**DATA PROVIDED:**
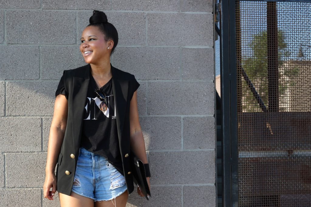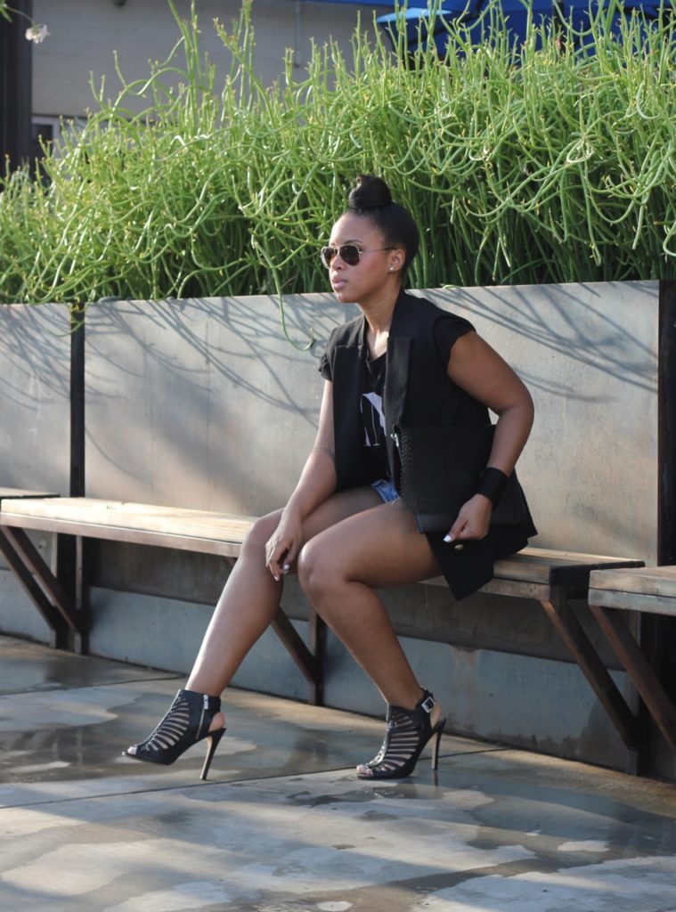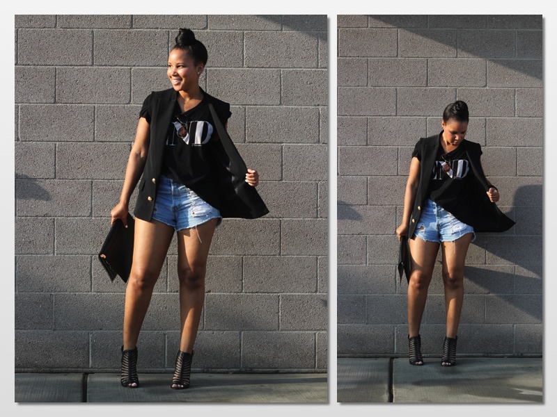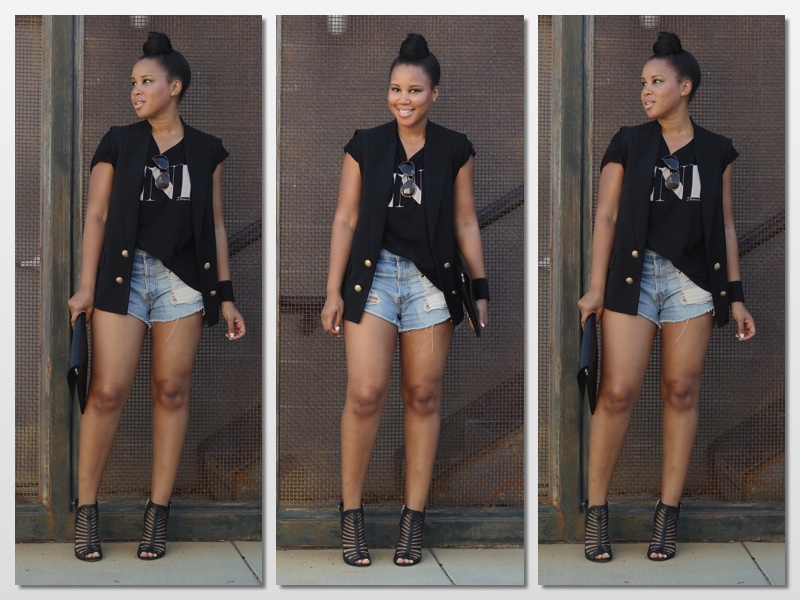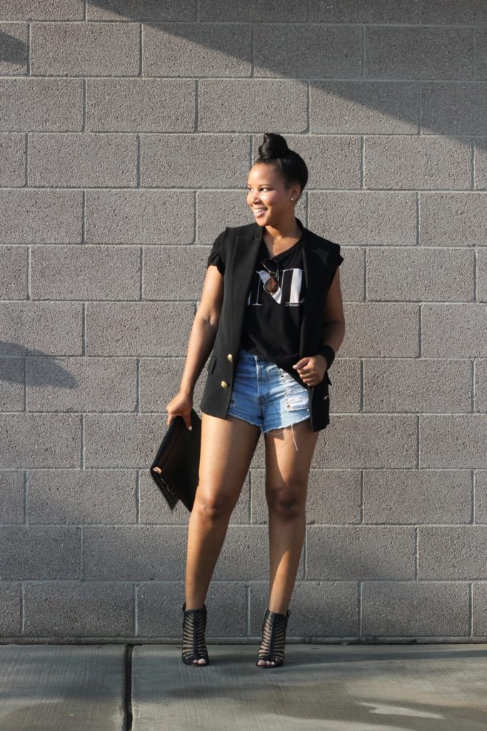 | Vest: Zara, Shirt: Zara, Shorts: Mink Pink |
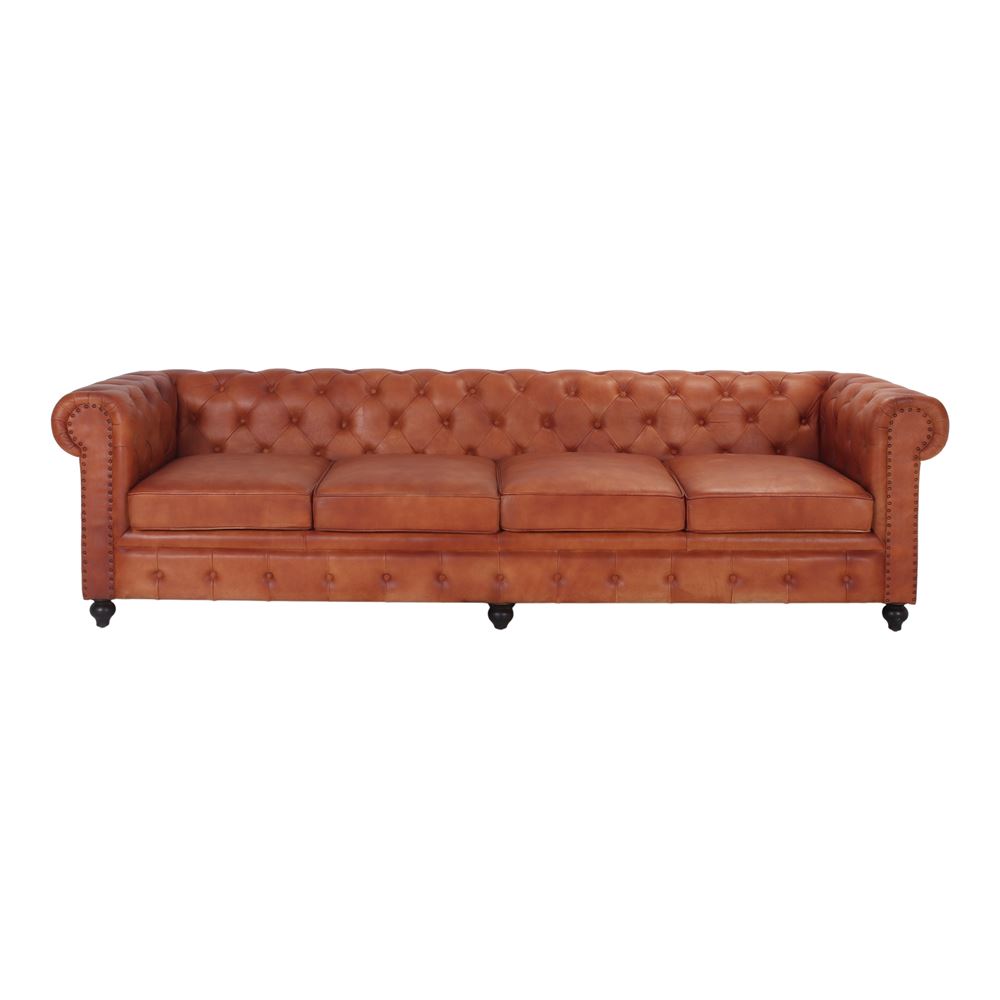 Canapé Chester Garbo 4 places, revêtement capitonné en cuir.
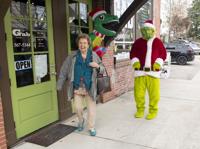 Cliff Williams / The Herald The Grinch surprises a customer leaving The Gab Salon Thursday as the business hosted an open house and customer appreciation day.
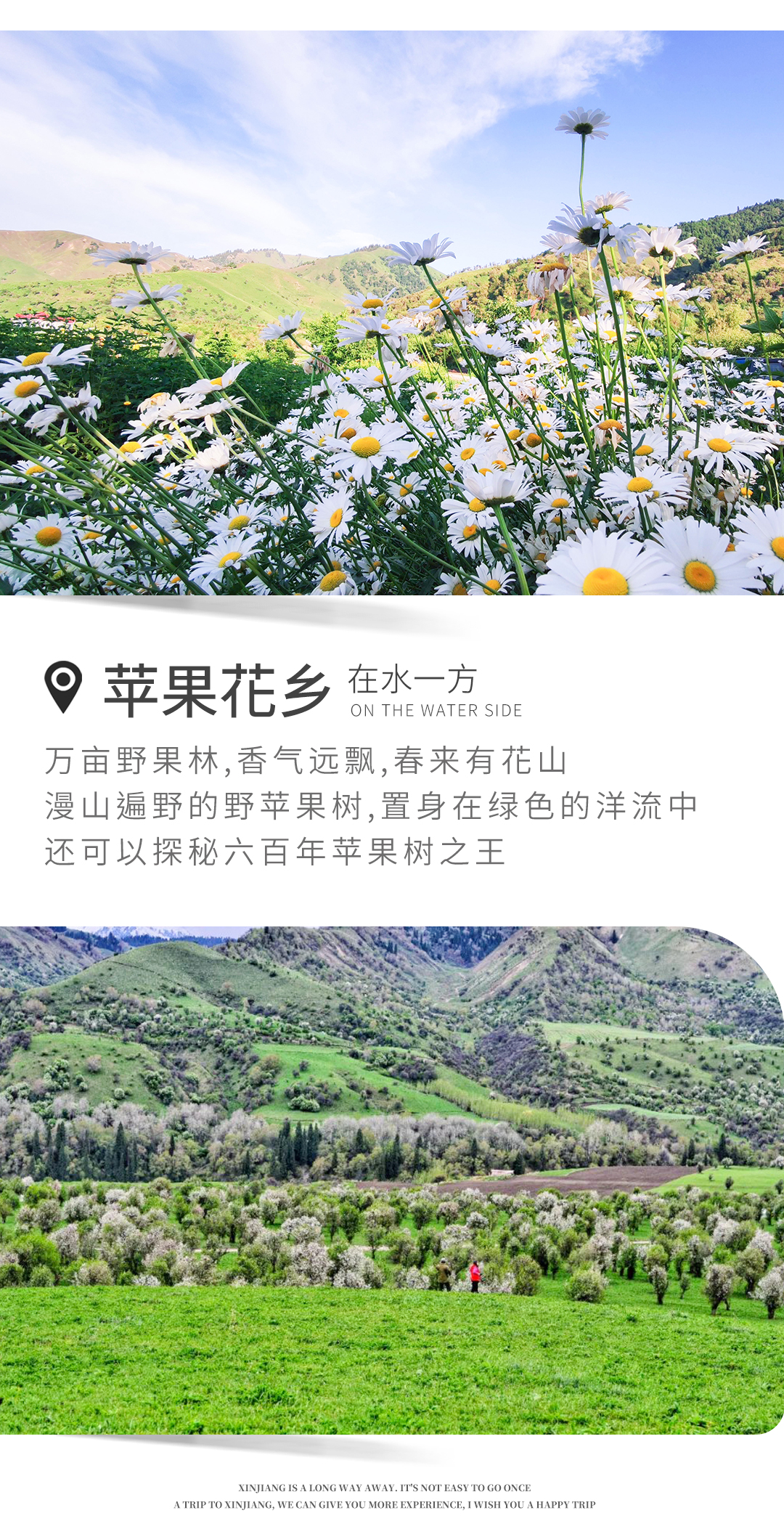 早起后前往萨哈乡,由于交通不便,这里几乎成了一个与世隔绝的地方,仿佛是从诗经里走出来的绝美之地。“萨哈”的汉语意为“在水一方。每逢4月底5月初夏,漫山遍野的野苹果树开着粉的、红的、白的、紫的花,香溢四谷。此时进入林海,身处花海,群蜂嗡嗡,蝴蝶飞舞,其间伴有鸟鸣,真乃修身养性之处,给人以世外桃源之感。今天我们除了拍摄苹果花,还可以探秘六百年果树王,賞黑湖,登望峰台,还可看到哈萨克人跨马扬鞭,一边放着羊群等牲畜,一边驰骋在辽阔的草原。

**EXERCISE DESCRIPTION:** Copy the listing above in full and exactly, but omit each picture that it holds.

**OUTPUT FOR THIS TASK:**
 | Vest: Zara, Shirt: Zara, Shorts: Mink Pink |
 Canapé Chester Garbo 4 places, revêtement capitonné en cuir.
 Cliff Williams / The Herald The Grinch surprises a customer leaving The Gab Salon Thursday as the business hosted an open house and customer appreciation day.
 早起后前往萨哈乡,由于交通不便,这里几乎成了一个与世隔绝的地方,仿佛是从诗经里走出来的绝美之地。“萨哈”的汉语意为“在水一方。每逢4月底5月初夏,漫山遍野的野苹果树开着粉的、红的、白的、紫的花,香溢四谷。此时进入林海,身处花海,群蜂嗡嗡,蝴蝶飞舞,其间伴有鸟鸣,真乃修身养性之处,给人以世外桃源之感。今天我们除了拍摄苹果花,还可以探秘六百年果树王,賞黑湖,登望峰台,还可看到哈萨克人跨马扬鞭,一边放着羊群等牲畜,一边驰骋在辽阔的草原。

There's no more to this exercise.